Dataset entries
· · · ·

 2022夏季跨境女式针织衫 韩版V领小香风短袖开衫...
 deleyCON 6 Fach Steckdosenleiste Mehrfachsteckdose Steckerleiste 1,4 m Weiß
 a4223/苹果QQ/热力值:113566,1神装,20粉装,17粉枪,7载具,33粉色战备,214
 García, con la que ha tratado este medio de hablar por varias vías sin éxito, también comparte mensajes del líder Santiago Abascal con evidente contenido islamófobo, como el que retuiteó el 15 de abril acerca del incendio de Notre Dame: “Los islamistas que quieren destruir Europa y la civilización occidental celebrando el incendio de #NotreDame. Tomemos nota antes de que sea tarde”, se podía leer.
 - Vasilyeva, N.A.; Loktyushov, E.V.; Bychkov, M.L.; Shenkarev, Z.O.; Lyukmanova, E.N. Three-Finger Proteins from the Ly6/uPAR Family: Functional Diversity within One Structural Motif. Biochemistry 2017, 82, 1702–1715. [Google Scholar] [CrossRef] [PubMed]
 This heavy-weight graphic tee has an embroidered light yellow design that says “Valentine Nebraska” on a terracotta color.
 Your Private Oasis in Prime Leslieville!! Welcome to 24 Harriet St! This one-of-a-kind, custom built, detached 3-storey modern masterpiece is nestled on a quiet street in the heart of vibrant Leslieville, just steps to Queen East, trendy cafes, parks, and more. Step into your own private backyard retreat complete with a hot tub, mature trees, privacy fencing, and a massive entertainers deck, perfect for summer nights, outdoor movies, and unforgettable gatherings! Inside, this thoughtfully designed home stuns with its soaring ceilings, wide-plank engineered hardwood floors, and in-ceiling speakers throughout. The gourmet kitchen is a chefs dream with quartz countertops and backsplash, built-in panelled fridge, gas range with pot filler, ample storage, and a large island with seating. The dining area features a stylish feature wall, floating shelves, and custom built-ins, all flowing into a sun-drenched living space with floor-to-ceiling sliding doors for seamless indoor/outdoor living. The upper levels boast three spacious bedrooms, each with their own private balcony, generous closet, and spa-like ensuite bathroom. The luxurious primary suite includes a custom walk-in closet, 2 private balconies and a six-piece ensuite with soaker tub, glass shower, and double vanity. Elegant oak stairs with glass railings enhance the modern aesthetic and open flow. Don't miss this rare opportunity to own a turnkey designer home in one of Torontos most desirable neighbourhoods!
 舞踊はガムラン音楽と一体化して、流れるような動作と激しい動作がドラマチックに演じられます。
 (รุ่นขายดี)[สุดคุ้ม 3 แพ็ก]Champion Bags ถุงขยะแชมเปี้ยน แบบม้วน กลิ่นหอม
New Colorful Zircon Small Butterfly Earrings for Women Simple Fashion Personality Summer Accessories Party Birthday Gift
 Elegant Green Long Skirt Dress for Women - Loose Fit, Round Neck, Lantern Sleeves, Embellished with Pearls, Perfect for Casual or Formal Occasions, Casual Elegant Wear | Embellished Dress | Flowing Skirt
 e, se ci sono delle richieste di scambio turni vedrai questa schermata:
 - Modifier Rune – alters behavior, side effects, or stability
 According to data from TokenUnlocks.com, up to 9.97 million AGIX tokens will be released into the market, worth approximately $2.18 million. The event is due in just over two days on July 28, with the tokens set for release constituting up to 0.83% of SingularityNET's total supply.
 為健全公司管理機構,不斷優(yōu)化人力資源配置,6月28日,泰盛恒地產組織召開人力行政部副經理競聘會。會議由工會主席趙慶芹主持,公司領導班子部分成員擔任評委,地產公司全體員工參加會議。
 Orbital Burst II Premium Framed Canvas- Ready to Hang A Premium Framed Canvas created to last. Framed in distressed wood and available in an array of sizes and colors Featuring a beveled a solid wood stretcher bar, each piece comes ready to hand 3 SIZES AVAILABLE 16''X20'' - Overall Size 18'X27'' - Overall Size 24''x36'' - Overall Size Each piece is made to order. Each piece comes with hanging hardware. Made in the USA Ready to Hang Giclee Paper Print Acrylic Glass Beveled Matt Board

· · · ·

» **Required action**:
The lines from the start of the entries above through the line containing "a4223/苹果QQ/热力值" are the ones to return, please; copy them exactly and include both ends.

» **Your response**:
 2022夏季跨境女式针织衫 韩版V领小香风短袖开衫...
 deleyCON 6 Fach Steckdosenleiste Mehrfachsteckdose Steckerleiste 1,4 m Weiß
 a4223/苹果QQ/热力值:113566,1神装,20粉装,17粉枪,7载具,33粉色战备,214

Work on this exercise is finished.